Spring break let me off from lessons last week. So Jo’s folks came north to transport both her and Everly south to Colorado Springs, where I would meet them after a bleak 1,000-mile haul to the far side of Kansas to fetch our car; fixed after our wreck on New Years Eve and awaiting pickup. Great excuse for a few days visit.
Visiting family is good. Not easy, but maybe not supposed to be. We’re always pulled two directions, with both her parents and mine in the same town. Our time was further complicated by my Grandfather’s failing health, and recent admittance into a high-care facility.
Wrightson Tongue Sr. was born in 1916 and served the Methodist Church for 50 years or so, and raised 4 boys across nearly 20 of them. The two older boys followed suit in profession, the third in heart – my father.
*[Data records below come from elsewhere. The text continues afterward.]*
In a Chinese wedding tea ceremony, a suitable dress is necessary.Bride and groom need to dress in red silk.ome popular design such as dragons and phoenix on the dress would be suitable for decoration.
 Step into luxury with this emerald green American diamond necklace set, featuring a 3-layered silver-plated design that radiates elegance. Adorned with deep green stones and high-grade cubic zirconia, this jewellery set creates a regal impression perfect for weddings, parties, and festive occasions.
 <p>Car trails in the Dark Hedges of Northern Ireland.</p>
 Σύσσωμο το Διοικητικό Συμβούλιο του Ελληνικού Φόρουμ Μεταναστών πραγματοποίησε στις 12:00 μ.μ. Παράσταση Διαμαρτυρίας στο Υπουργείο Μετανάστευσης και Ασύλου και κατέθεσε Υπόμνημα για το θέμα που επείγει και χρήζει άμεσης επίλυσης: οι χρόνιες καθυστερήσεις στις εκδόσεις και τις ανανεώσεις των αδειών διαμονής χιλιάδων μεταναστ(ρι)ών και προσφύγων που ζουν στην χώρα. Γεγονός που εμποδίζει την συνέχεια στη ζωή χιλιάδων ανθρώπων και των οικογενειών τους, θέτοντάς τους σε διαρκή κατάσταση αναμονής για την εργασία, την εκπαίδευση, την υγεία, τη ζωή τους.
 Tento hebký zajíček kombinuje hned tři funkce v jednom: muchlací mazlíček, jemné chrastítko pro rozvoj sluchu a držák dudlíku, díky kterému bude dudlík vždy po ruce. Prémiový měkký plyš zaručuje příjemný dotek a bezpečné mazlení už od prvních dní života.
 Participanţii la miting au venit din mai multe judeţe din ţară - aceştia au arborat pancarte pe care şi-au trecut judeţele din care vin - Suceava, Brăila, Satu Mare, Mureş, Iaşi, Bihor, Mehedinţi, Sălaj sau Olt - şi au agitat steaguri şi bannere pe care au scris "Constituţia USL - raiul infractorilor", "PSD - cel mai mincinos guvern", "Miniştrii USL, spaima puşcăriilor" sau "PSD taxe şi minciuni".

He’s traveled around the world several times, and I’ve lost track of the number of churches he pastored in Virginia; my mother’s family came to faith (and my parents met) because Granddad was sent to a small church called “Wesley UMC” at just the right time.
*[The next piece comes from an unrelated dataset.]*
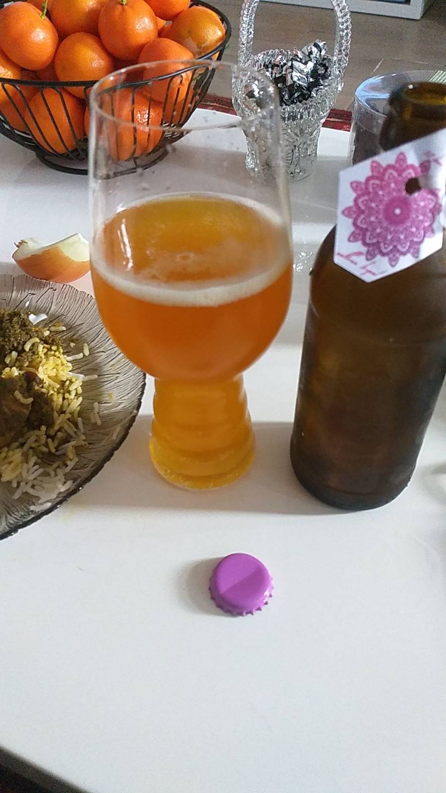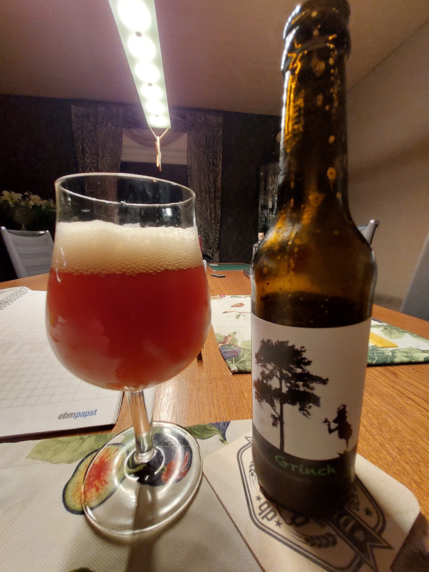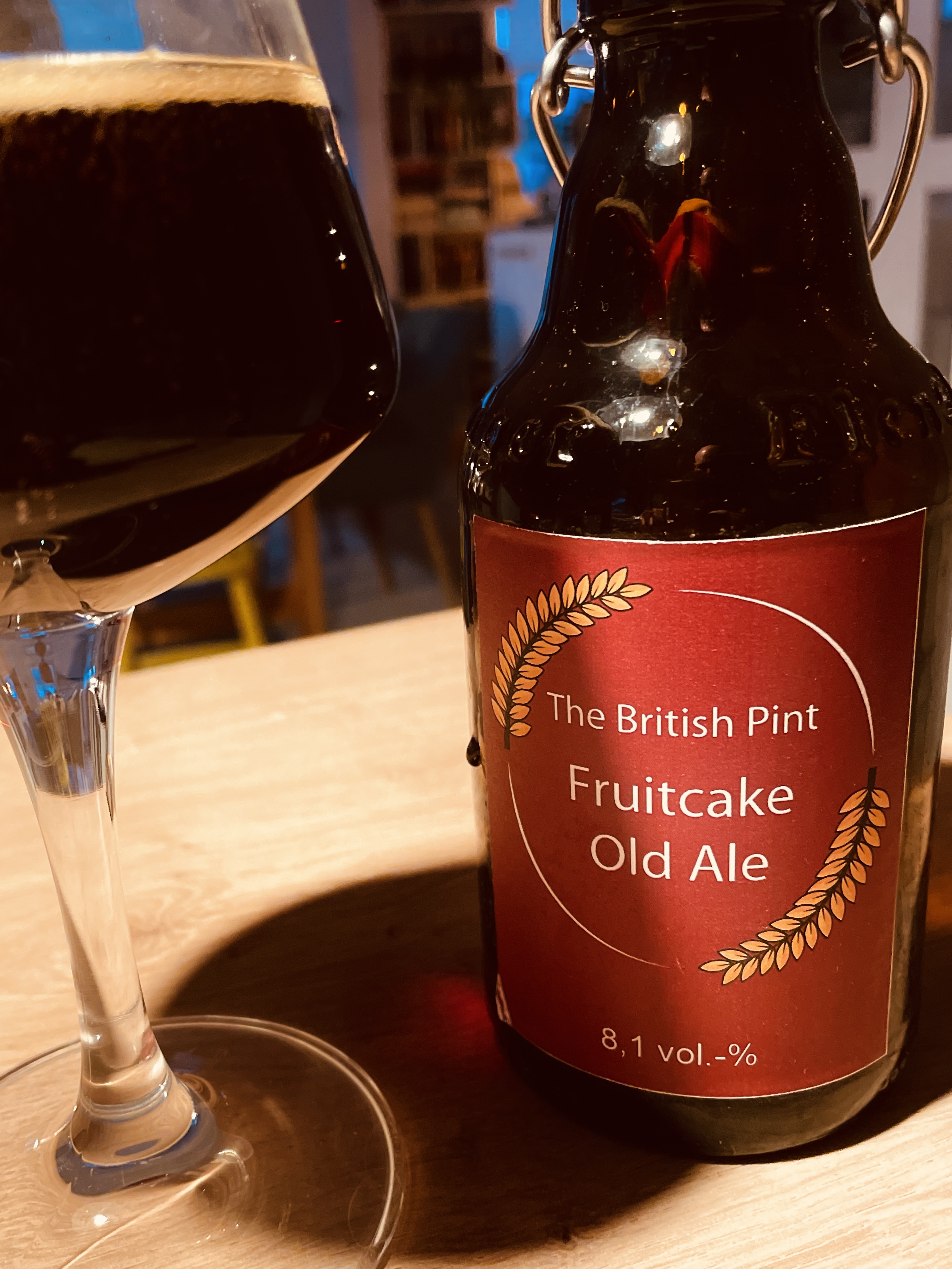 So, jetzt das Fruitcake Old Ale ohne Brett. Nur ein wänziges Schlöckchen. Den Rest gibt es später. Schönes dunkles Kupfer, kaum Schaum, dezente Rezenz. Relativ schlank, wenig Restsüße. Die Gewürze kommen gut durch, es ist etwas „spicy“ gepaart mit einer sanften Bittere. Passt gut zusammen. Eine gewisse Fruchtigkeit ist zu schmecken, ich könnte das im Moment aber nicht differenzieren. Ein schönes Winterbier. Der Eindruck von „Fruitcake flüssig“ ist definitiv da.

And as we sat in his room together, his body losing heart (quite literally) after years of use and abuse I couldn’t help seeing some kind of grand rhythm to it all. Everly was working to play ball with him, I was making simple conversation and my Dad was manning the camera. 4 generations in one room. I saw myself in him somehow; saw Jo and I there, sitting together 60 years from now, nearly used up – Everly and her grandkids in the room working to connect.
“Granddad, were you ever that small?” I asked, pointing to Everly.
“Yeah-” he said with a quick grin, shrugging his shoulders.
He doesn’t say as much as he used to; the shrug said it all. Almost as if he was adding, “and so it is.” ‘So it will be with your Dad, so it will be with you, and we can all expect this rhythm – until the end.’
I couldn’t help but walk away a little sad that day, though grateful my folks are quite close and can still be a support to him. Old and fatigued as he is, Granddad believes in Jesus and so I will see him again – on our next visit or otherwise. So there is hope still. But humbled by the moment, I felt the urge to protest, “this isn’t how it’s supposed to be.”
And yet – so it is. We are born, we live, and we die.
We drove back to Fort Collins the next day, back to ‘normal’ life where we’re working hard, paying bills, weeks fly past and Everly continues her brisk climb into toddlerhood. We don’t have any ailing friends, and our church family is mostly too young to have any near death. It’s a side of life I’ve managed to avoid, if I’m honest.
So I wonder, is there a way – in the midst of our overarching protest – to embrace a life that knows an end will come? While our culture fights it with everything it’s got, how do those with hope beyond this world live with that hope on display? How would that begin to shape and change us if we did?